Judge Angela C. Robinson signed lawyer Richard Altschuler's application for a hearing, seeking a temporary injunction against the Pfizer officials. The session will be held in Robinson's courtroom June 1.

The move is the latest development in Altschuler's seven-year legal battle on behalf of the Nigerian victims and their survivors. The children were given the Pfizer drug Trovan in a Nigerian hospital during a 1996 meningitis epidemic. According to Altschuler, up to 34 youngsters died during the trial, and 20 others were severely disabled.

Pfizer officials have maintained the clinical trial helped save lives and was conducted properly. They said the deaths resulted from diseases the children had already contracted before being given the drug.

Altschuler filed his original lawsuit in Connecticut because he alleged the "immoral drug test" was planned at Pfizer's research and development headquarters in Groton and New London.

Altschuler's new writ, with supporting affidavits, charged Pfizer intended to sign a legal settlement today in London, which is "oppressive, coerced, deceptive" and violates the victims' rights. The writ alleges the proposed settlement would also violate the rights of the victims' attorneys, Altschuler and his Nigerian counterpart, Etigwe Uwa, because they were not allowed to participate in settlement negotiations.

Altschuler's motion seeks to halt the settlement.

"We're trying to get the negotiations out of the dark," Altschuler said. "If this settlement goes through, my victims will get victimized again."

Altschuler is outraged by news reports out of Nigeria that the proposed settlement calls for Pfizer to pay $10 million each to the federal Nigerian government, the Nigerian state government and Nigerian government lawyers. Meanwhile, the victims would be paid $35 million, which would equal only about $175,000 for each of the approximately 200 victims.

Altschuler alleged in his writ that the settlement negotiations have been "secret, unfair, deceptive and oppressive."

He noted his clients are uneducated and in some cases illiterate. Thus, they are in a weak bargaining position without their attorneys. According to Altschuler, Pfizer is trying to get the victims to sign releases against future claims "under duress or coercion."

Altschuler charged Pfizer is trying to undermine the victims' lawsuit in Connecticut.

He also alleged Pfizer is motivated to pay a large settlement to Nigerian government lawyers because the government has filed criminal charges against former Pfizer employees. He charged this appeared to be a "quid pro quo" to influence that government.

Pfizer officials have not seen Altschuler's writ, so they could not respond in detail. But Pfizer spokesman Christopher Loder issued this statement: "We are extremely disappointed that one of the plaintiffs' lawyers filed a new legal action in Connecticut without notice to Pfizer and without providing the company an opportunity to be heard."

Loder added, "The plaintiffs have grossly misrepresented the situation to the court. The fact is that the cases filed by purported study participants in the U.S. are separate and distinct from the Kano State and Nigerian federal government cases filed in Nigeria, which the company has sought to settle for many months."

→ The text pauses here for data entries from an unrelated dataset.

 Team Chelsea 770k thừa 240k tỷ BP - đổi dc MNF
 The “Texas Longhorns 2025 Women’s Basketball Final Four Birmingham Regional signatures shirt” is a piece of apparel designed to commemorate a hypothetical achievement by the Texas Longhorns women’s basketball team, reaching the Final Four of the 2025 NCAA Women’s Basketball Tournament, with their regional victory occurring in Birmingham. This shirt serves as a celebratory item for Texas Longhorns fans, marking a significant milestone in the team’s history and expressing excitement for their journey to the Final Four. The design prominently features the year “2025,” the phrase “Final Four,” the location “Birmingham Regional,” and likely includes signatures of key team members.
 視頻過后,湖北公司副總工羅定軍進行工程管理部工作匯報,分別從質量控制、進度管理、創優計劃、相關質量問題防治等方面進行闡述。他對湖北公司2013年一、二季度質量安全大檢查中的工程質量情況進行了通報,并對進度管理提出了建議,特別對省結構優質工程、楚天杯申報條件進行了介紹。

Loder concluded, "The U.S. lawyers' complaints about interference with their cases are unfounded. Instead, their own actions constitute interference with Pfizer's negotiations in Nigeria, where these lawyers are not involved."

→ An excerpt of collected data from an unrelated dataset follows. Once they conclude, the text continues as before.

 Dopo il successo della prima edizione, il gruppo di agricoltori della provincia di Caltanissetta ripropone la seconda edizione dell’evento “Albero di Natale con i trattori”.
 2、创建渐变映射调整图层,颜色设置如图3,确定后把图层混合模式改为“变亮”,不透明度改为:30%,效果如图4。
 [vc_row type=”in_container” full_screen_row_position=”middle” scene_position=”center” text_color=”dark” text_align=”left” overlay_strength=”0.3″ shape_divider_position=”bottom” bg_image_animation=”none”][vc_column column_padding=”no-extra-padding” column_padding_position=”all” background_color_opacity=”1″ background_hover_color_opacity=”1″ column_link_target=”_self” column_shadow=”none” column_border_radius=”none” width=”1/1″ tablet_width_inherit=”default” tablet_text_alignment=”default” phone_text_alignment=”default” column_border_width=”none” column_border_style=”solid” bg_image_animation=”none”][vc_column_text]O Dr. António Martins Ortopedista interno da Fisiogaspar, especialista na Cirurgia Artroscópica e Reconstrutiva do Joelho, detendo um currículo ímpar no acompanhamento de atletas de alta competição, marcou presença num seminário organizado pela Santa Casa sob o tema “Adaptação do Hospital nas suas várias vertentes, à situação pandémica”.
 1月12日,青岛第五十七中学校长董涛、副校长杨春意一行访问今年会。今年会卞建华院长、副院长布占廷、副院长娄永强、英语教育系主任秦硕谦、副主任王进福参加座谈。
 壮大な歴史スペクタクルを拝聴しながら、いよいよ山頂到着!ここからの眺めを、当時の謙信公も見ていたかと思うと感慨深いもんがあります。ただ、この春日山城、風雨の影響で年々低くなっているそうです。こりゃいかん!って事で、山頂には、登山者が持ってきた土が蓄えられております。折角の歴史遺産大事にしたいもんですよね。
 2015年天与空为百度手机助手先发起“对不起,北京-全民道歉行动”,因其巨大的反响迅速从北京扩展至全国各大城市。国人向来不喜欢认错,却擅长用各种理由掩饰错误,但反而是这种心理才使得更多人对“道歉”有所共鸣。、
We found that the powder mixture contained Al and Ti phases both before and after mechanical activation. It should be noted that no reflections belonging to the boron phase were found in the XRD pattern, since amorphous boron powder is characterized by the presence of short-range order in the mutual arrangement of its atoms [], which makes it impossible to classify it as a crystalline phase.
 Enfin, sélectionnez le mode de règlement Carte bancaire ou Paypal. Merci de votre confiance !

But one of the affidavits Altschuler attached to his writ, by Zubairu Shaba of the Trovan Test Victims Forum, asserted Pfizer's settlement offers to the victims were made "without involving their lawyers and in an effort to undermine and overreach the cases pending in America."

Shaba concluded, "I believe that Pfizer is using undue pressure and other tactics to force the victims to accept their terms without recourse to the advice of their lawyers."

A Nigerian attorney working with Altschuler, Olayinka Olajuwon, said in his affidavit, "The case would have an infinitely higher value in the U.S. and would be in front of an open court." He said punitive damages as well as compensatory damages could be sought in a U.S. court.